# Exercise
Without copying any picture, transcribe exactly the lines of the data below from the one containing "PF295 – Panther" through the one containing "BANJARMASIN, KALIMANTANLIVE.COM –".

# Exercise materials
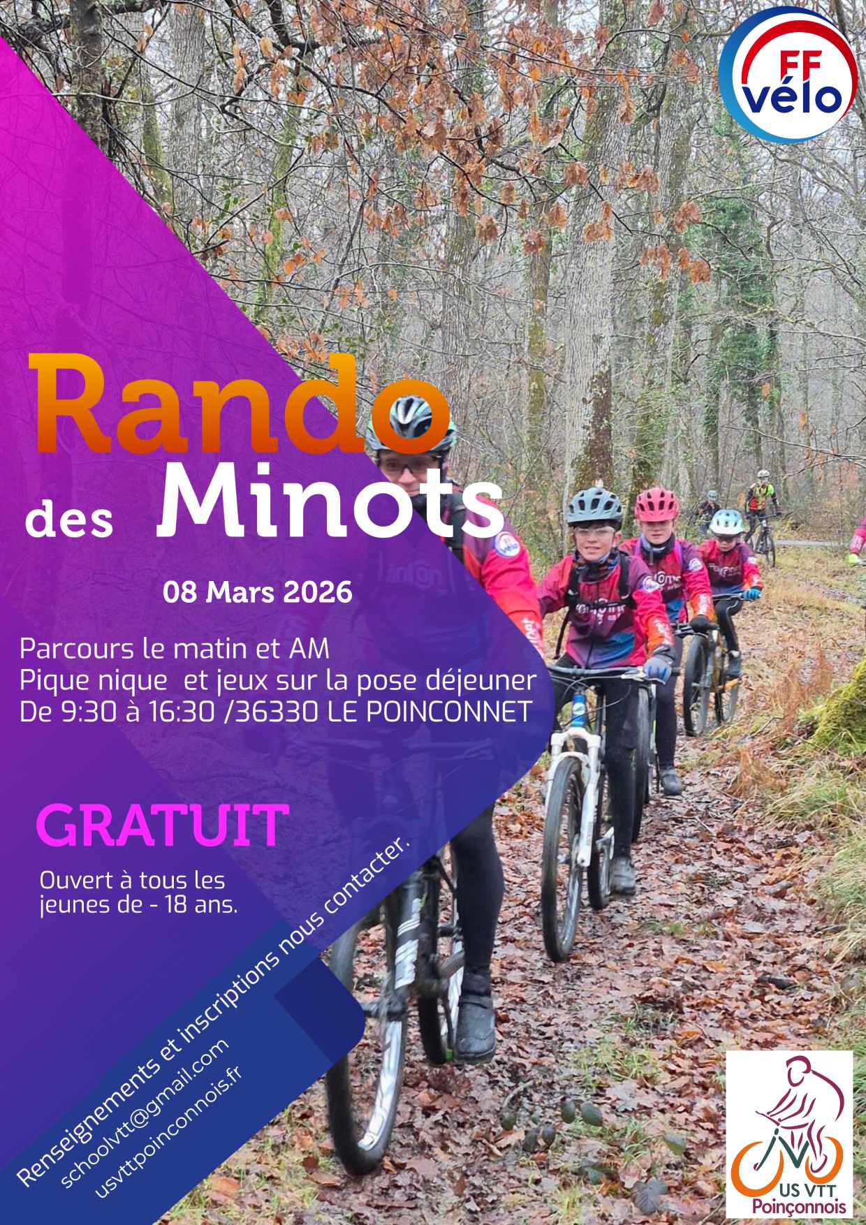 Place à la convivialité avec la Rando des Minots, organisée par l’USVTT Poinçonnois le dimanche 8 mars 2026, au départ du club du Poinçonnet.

---

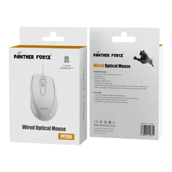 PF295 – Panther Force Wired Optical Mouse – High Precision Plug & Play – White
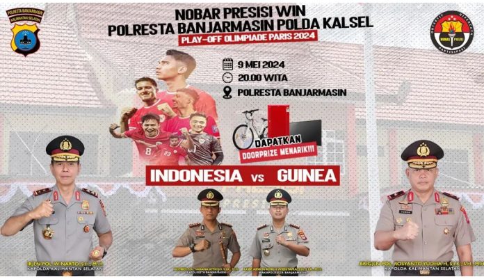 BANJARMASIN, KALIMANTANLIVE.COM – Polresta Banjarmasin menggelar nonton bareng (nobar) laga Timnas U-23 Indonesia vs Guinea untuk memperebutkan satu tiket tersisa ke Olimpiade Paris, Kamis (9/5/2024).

# Output for this exercise
 PF295 – Panther Force Wired Optical Mouse – High Precision Plug & Play – White
 BANJARMASIN, KALIMANTANLIVE.COM – Polresta Banjarmasin menggelar nonton bareng (nobar) laga Timnas U-23 Indonesia vs Guinea untuk memperebutkan satu tiket tersisa ke Olimpiade Paris, Kamis (9/5/2024).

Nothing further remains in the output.